The first step in successful management of an intraoperative aspiration is the immediate recognition of gastric content in the oropharynx or the airways.4 The animal should be immediately positioned with the head down and rotated laterally if possible. Orotracheal and endotracheal suctioning is indicated, either before or after orotracheal intubation, depending on whether regurgitation continues and if the airway is visible. It is recommended that the airway be secured as rapidly as possible to prevent further contamination and to facilitate airway clearance.6 Flexible bronchoscopy is an important adjunct to orotracheal and endotracheal suctioning, and having a flexible bronchoscope at the ready if possible is a sound prophylactic measure. If particulate matter is present in the airway, rigid bronchoscopy may be required.4-7

1britannica.com.
2nationalgeographic.com.
3spana.org.
4Nason, K. Acute Intraoperative Pulmonary Aspiration. Thoracic surgery clinics vol. 25,3 (2015): 301-7.
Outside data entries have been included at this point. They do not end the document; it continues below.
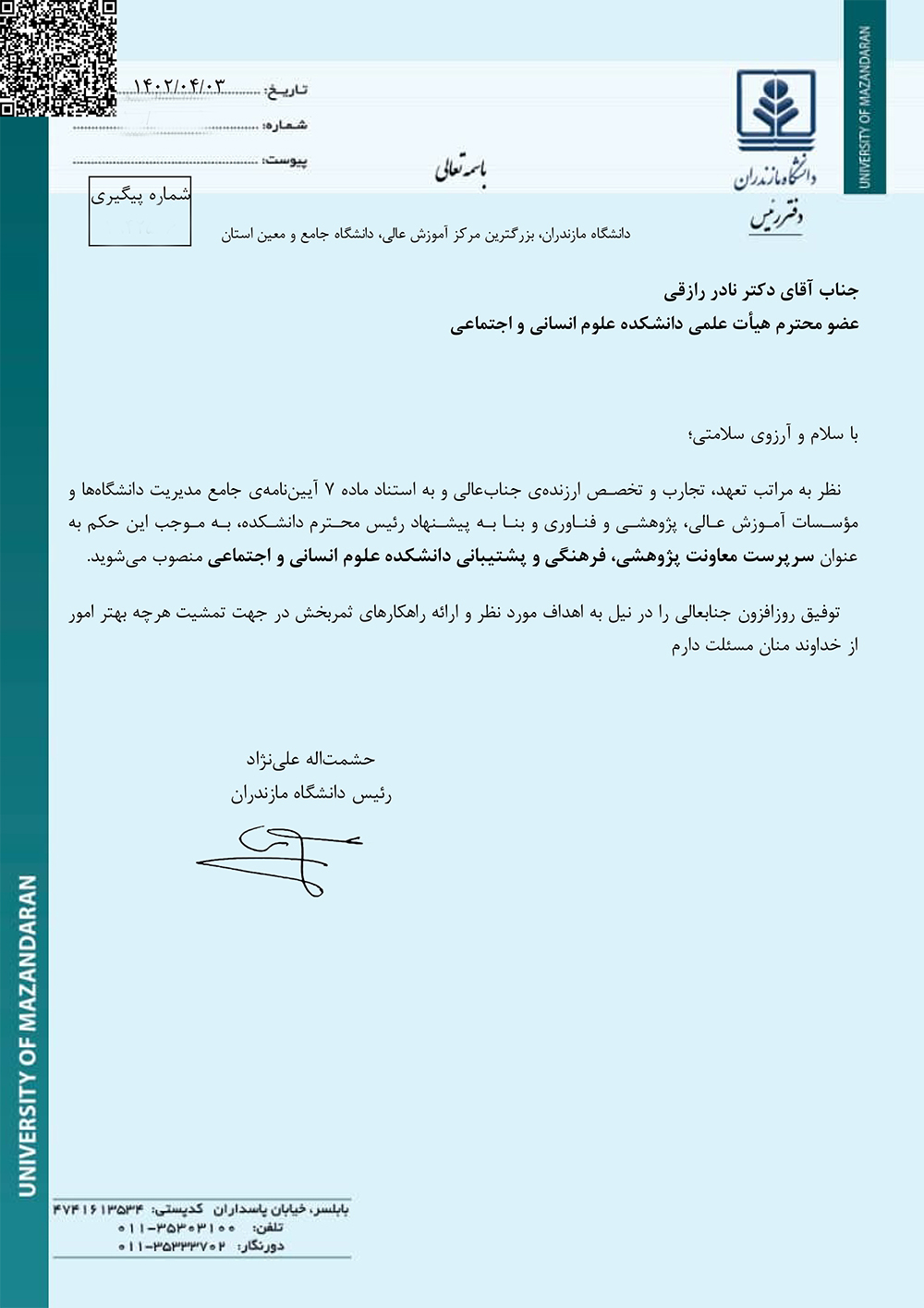 سرپرست معاونت پژوهشی، فرهنگی و پشتیبانی دانشکده علوم انسانی و اجتماعی دانشگاه مازندران منصوب شد - دانشگاه مازندران
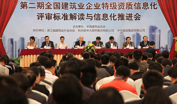會上,特級資質標準編寫專家徐和麟、邱巖分別就《施工總承包企業特級資質標準實施辦法》和《施工總承包企業特級資質信息化考評標準》進行了詳細的解讀,并對相關問題進行現場答疑。中天建設集團、四川華西集團、中國水利水電二局、中建一局集團建設發展有限公司等五家建筑企業介紹了本企業信息化建設的經驗; 杭州新中大軟件股份有限公司、北京華建互聯科技發展有限公司分別介紹了建筑企業信息化技術開發與應用情況。會議現場氣氛熱烈,企業學習熱情高漲,達到了預期效果。
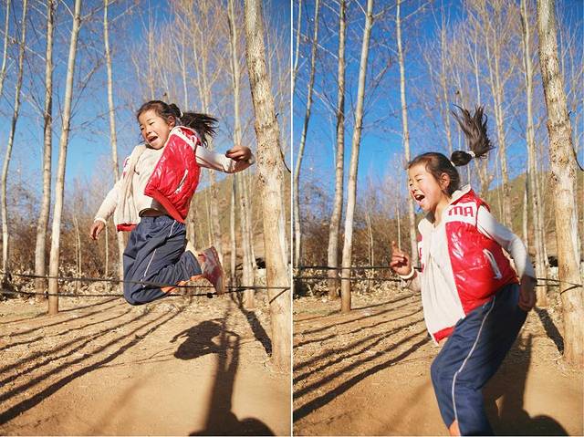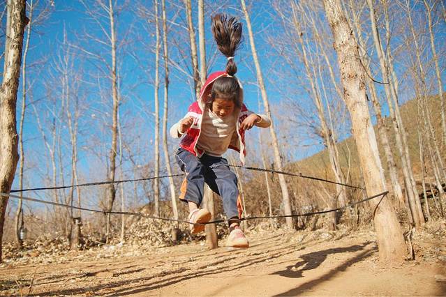 准备回去拿广角镜头的时候,在树林正好碰到尔车家的拉姆小朋友一个人在跳橡皮筋,清晨的阳光下,树林的斜影,活跃的辫子,那画面太美好了,让我不由自主地就走过去和她聊天起来。(果然我只适合搭讪小朋友么。。)我真是太喜欢她无忧的笑容和飞扬的头发了。拿了广角来拍的时候,小喇叭还在那儿飞奔。。。。尔车家的另外两个小男孩儿,在用船桨破冰,一边互相打闹着一边跨啦跨啦地敲打着冰面。

5Lance, W. Exotic Hoof Stock Anesthesia and Analgesia: Best Practices. In: Proceedings, NAVC Conference 2008, pp. 1914-15.
6Kluger M.T., et. al. Crisis management during anaesthesia: regurgitation, vomiting, and aspiration. Quality & safety in health care. 2005;14(3): e4.
7White RJ, Bali S, Bark H. Xylazine and ketamine anaesthesia in the dromedary camel under field conditions. Vet Rec. 1987 Jan 31;120(5):110-3.
8veteriankey.com.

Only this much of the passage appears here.